But the CEO is blunt about status of the group, which is underperforming its LTL peers

TFI's CEO Bedard was blunt about the company's U.S. LTL operations. (Photo: FreightWaves)

(An initial recap of TFI International’s financial data from its third quarter earnings report can be found here.)

Alain Bedard, the CEO of TFI International, assured analysts on the company’s earnings call Tuesday that he wasn’t sorry the company bought less-than-truckload carrier UPS Freight in early 2021.  

“If you asked me the question, ‘Hey, you think that you made a mistake with this purchase?’” Bedard said, “Not at all.”


But the fact that the question even came up, as the fourth anniversary of the acquisition looms in just a few months, highlights the fact that TFI’s LTL operations, mostly made up of the legacy UPS Freight business, remain a significant laggard in the trucking conglomerate’s overall performance.

For example, the operating ratio at TFI’s U.S. LTL operations in the third quarter, which ended Sept. 30, was 92.2%. That is a deterioration of 140 basis points from the 90.8% recorded in the third quarter of 2023.

In Canada, TFI’s LTL operations posted an improved OR of 76.3%, compared to 77.2% a year ago.

While none of TFI’s U.S. peers in the LTL segment have yet posted third-quarter earnings, the numbers at TFI (NASDAQ: TFII) are worse than second-quarter ORs that ranged from 89.8% for ArcBest (NASDAQ: ARCB) to 69.5% for Old Dominion Freight Line (NASDAQ: ODFL).


Bedard’s conference calls with analysts are like no others in the trucking industry.
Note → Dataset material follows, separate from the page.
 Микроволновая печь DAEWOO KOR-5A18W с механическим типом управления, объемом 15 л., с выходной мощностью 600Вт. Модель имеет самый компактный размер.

He does them solo; not even his CFO is on the call, which is almost guaranteed on every similar forum. Bedard talks for a few minutes, reviewing numbers that were almost all released the day before in the company’s earnings report. The call went on for 90 minutes; 60 is standard, and on those calls the company side is generally represented by several people, not just one. 

And most of all, Bedard doesn’t hold anything back.
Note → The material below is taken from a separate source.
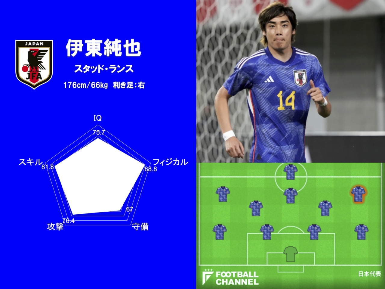 伊東の最大の特長と言えばやはり爆発的なスピードだ。なんてことないクリアボールなどを拾ってそのままチャンスに繋げてしまう突破力は理不尽極まりなく、これまで幾度となく単独で局面を打開してきた。さらに恐ろしいのは、90分間に渡り体力が落ちないことで、対戦相手からすると一瞬の気の緩みも許されない。「フィジカル」の数値は驚異の「88.8」で、今回のメンバーではトップとなっている。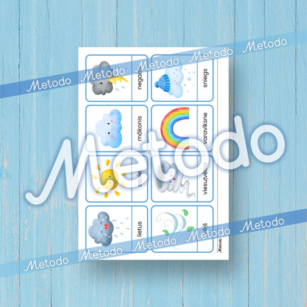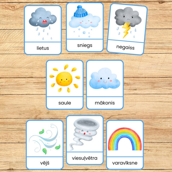 8 kartītes ar dažādiem laikapstākļiem un to nosaukumiem.

It’s taking longer than expected

“The only mistake we made is that we probably underestimated the time it will take to turn this thing around,” he said of the UPS Freight acquisition. 
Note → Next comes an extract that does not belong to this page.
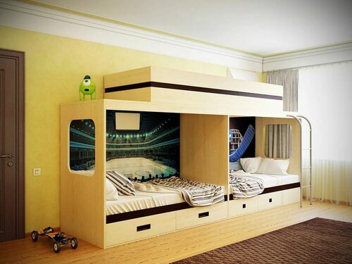 Существует множество разнообразных моделей двухъярусных кроватей, предназначенных для троих детей, где двое спят на нижней кровати. Они могут быть выполнены из различных материалов, иметь разные размеры и дополнительные функции. На фотографиях ниже представлены некоторые из популярных вариантов, которые могут послужить вдохновением для решения дизайнерских задач в детской комнате.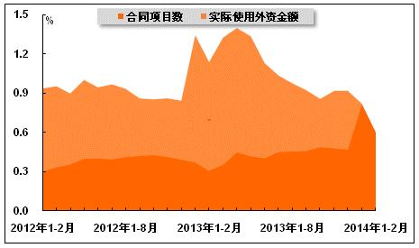 图 4 2012年2月-2014年2月医药行业利用外资合同项目和金额占比情况

Among the changes that still need to be implemented: “improving the management skill of our guys by training, by providing them with financial information to continue to improve our cost basis by following metrics of service.”

For the nine months, the OR in U.S. LTL was 91.8%. Asked by an analyst if he thought TFI could get to a sub-90 OR by the end of the year, Bedard said no, though he conceded the company had thought at one point that such a goal could be reached.

Bedard then went through a few specifics of the reason TForce, the name of the LTL carrier that holds the assets of the former UPS Freight, has struggled.

In possibly the starkest moment during the call, Bedard spoke of a “chicken and egg” dilemma with growing the company’s LTL business.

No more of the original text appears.